My question is, are all "cold bore" shots low at first? Who knows, maybe I will shoot my elk and or deer at first light when it is really cold outside and that first shot is the only one that matters. I don't know if I will be able to get back out and shoot before the opening day on Monday so just curious if anyone has any pointers. Sleep with gun to keep it warm? Warm up the truck in the morning and put it in there?

Also, does leaving a charge in the gun affect the charge after a few days? I have never thought about all of this. But if the gun can get "cold bore" syndrom than maybe the load can also get cold and react different when fired.

Any tips would be great.

Thanks,
Justin


----------



## DallanC (Jan 13, 2009)

Its more than the bore being just cold, alot of guys lube their bores when the store them and this lube can affect point of impact. One should practice at the range with the same gun conditions as they plan to hunt with. If you get noticable POI shifts with only the first shot, you should either only practice with the gun in this clean state (clean between every shot), or run a fouling shot prior to hunting (not an option with corrosive powders).

With Pyrodex, my first shot is always where I want it, 2nd shot w/out cleaning is usually within 2" of the first, 3rd opens to +4" and I never shoot 4 in a row without cleaning. So if a quick followup shot is needed, I'm plenty good for 3 shots. This year I'm trying BH209 for the hunt. Groups without cleaning between shots are wider than groups swabbing between shots, but the groups dont open up as large with subsequent shots without cleaning.

But... I usually only need 1 shot 

As for powder left in the gun. I've noticed no difference in POI for powder left in the gun unless its very high humidity. Even then, as a test I left pyrodex powder in a barrel for 11 months once to test ignition issues, and noticed no noticeable difference in lock time vs fresh powder.


-DallanC


----------



## muddydogs (Oct 7, 2007)

My rifle throws the first clean cold bore shot about 2" high so its 4 1/2" high at 100 yards then will put 2 more where its supposed to at 2 1/2" high at 100. I don't figure the 2" is anything to worry about unless I'm up close and could be of some help if I misjudge the distance a little on anything over 150 yards.


----------



## taxidermist (Sep 11, 2007)

I've always fired off a couple primers, run a nipple pick through the breach before loading. This fouls the barrel a touch, and I don't get that POI deficiency. Something an "Old Timmer" told me 35 years ago.


----------



## [email protected] (May 19, 2018)

Yeah I understand all of that. I appreciate the feedback! I myself make the barrel look the same every shot. In other words, I don't clean it completely but I do run a nylon brush down after each shot. I have practiced a follow up shot without doing anything (for hunting situations) and am only an inch off. But the fowling of my barrel or lack thereof isn't the issue in this case. It is simply the gun being in a different state than it is after the first shot (aside from the cleanliness of it). It has to do with barrel being heated up and the whole gun having "stretched" if you will. 
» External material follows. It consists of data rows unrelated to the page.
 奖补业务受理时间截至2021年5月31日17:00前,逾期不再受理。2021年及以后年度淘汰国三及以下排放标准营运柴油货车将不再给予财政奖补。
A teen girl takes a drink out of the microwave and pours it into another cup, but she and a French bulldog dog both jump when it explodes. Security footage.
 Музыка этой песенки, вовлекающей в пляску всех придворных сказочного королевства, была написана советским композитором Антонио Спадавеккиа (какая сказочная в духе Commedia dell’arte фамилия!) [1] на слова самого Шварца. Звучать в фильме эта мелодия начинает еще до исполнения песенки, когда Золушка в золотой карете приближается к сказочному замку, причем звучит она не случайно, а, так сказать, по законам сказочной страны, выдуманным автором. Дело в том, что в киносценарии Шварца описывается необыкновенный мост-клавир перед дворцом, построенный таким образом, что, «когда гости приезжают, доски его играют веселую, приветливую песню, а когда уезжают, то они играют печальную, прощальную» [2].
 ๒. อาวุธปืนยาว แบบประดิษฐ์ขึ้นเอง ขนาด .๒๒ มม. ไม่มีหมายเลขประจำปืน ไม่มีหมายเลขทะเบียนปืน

I know that you will get variances in your grouping if you clean it vs. not and if you foul it vs. not. But after I was done at the range last week I swabbed it the exact same as I do every other shot, put it in the case and then took it out a week later (so it should be the same) and it was 6 inches off the first shot and then dead on after that. So it has to be the temperature/the gun sat for a while.
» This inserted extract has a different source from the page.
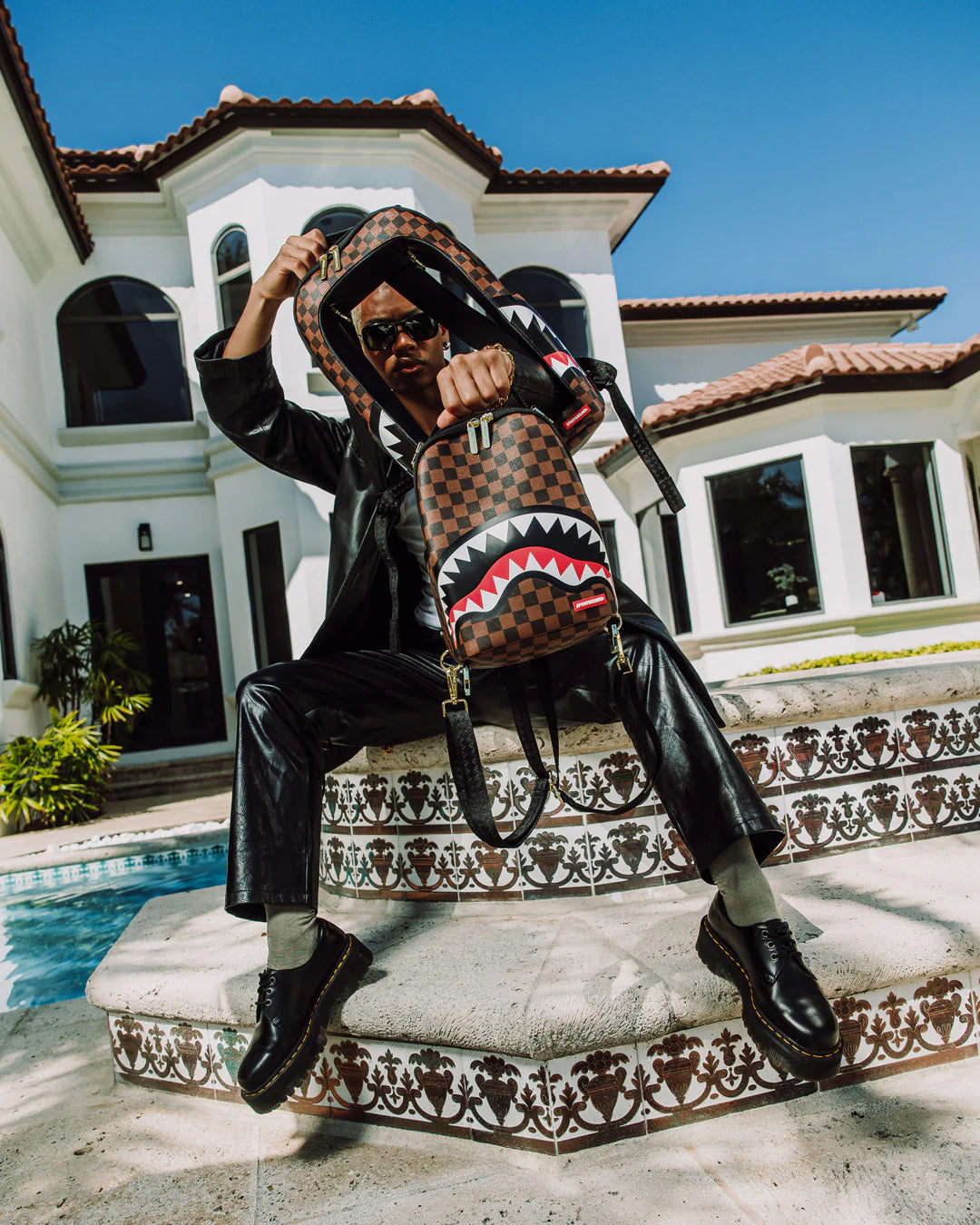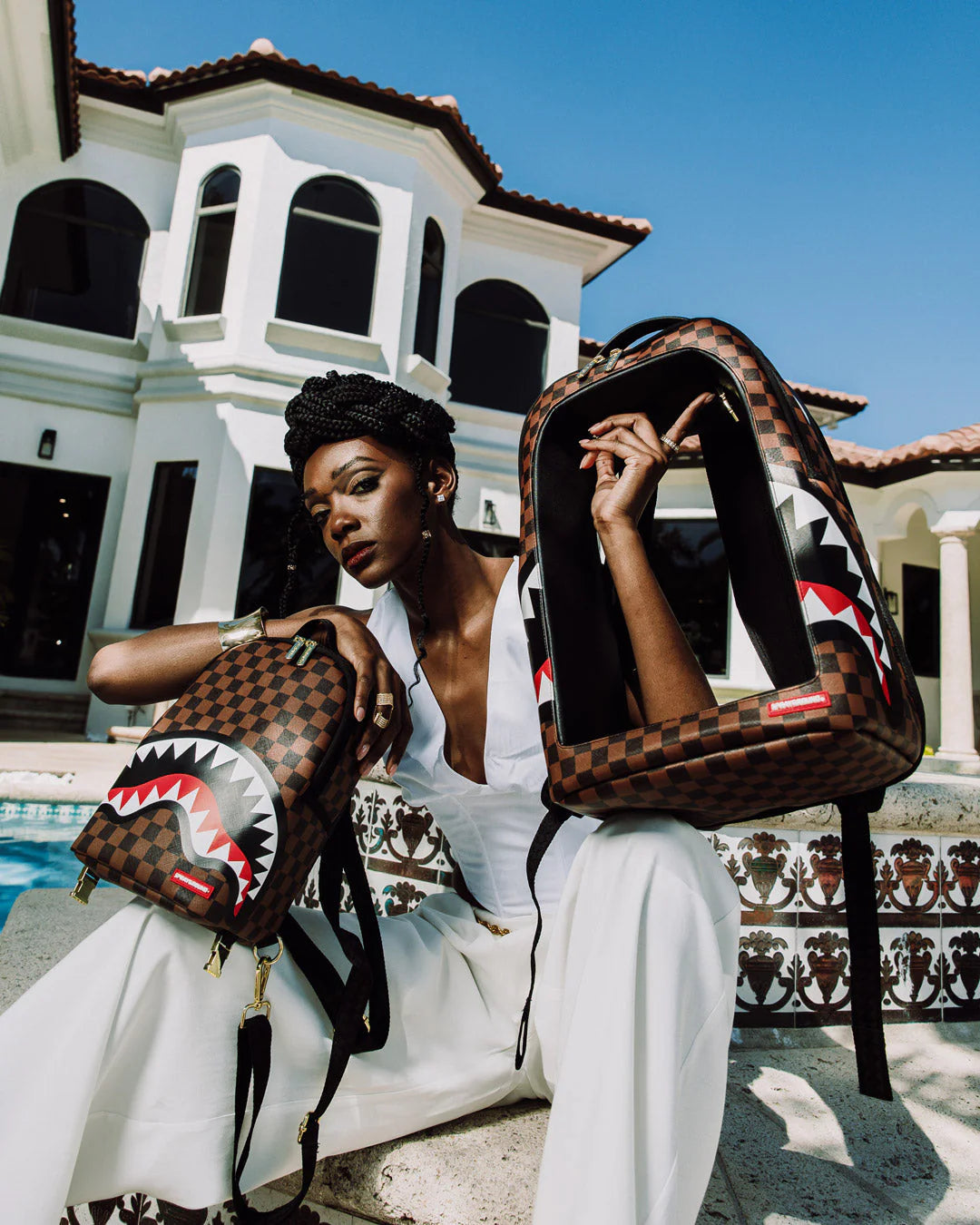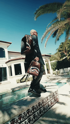 Dimensions: 18" x 6" x 11.5" • Front zipper pocket • Side pockets • Zippered Stash pocket • Separate velour sunglass compartment • Ergonomic mesh back padding • Adjustable Straps for custom sizing • Gold zippers with metal hardware • Metal "Sprayground Authentic" badge • Slide through back sleeve connects to carry-on luggage to free your hands

I appreciate all the feedback. Let me know if you have any more! I hope this helps clarify my problem a little bit more.


----------



## taxidermist (Sep 11, 2007)

I don't know how to "fix" that. I've never experienced that. Usually the "first shot" is at an animal, and that's been it, game over. Rarely have I taken a Deer that was over 150 yds. ML or rifle.


----------



## DallanC (Jan 13, 2009)

taxidermist said:


> I don't know how to "fix" that. I've never experienced that. Usually the "first shot" is at an animal, and that's been it, game over. Rarely have I taken a Deer that was over 150 yds. ML or rifle.


+2

I will never understand the mentality that the first shot is a flier and the others are "where they should be". The First should should always go where you want it, period. Purposely fouling the gun to get the first shot to behave like subsequent ones demonstrates some other base issues.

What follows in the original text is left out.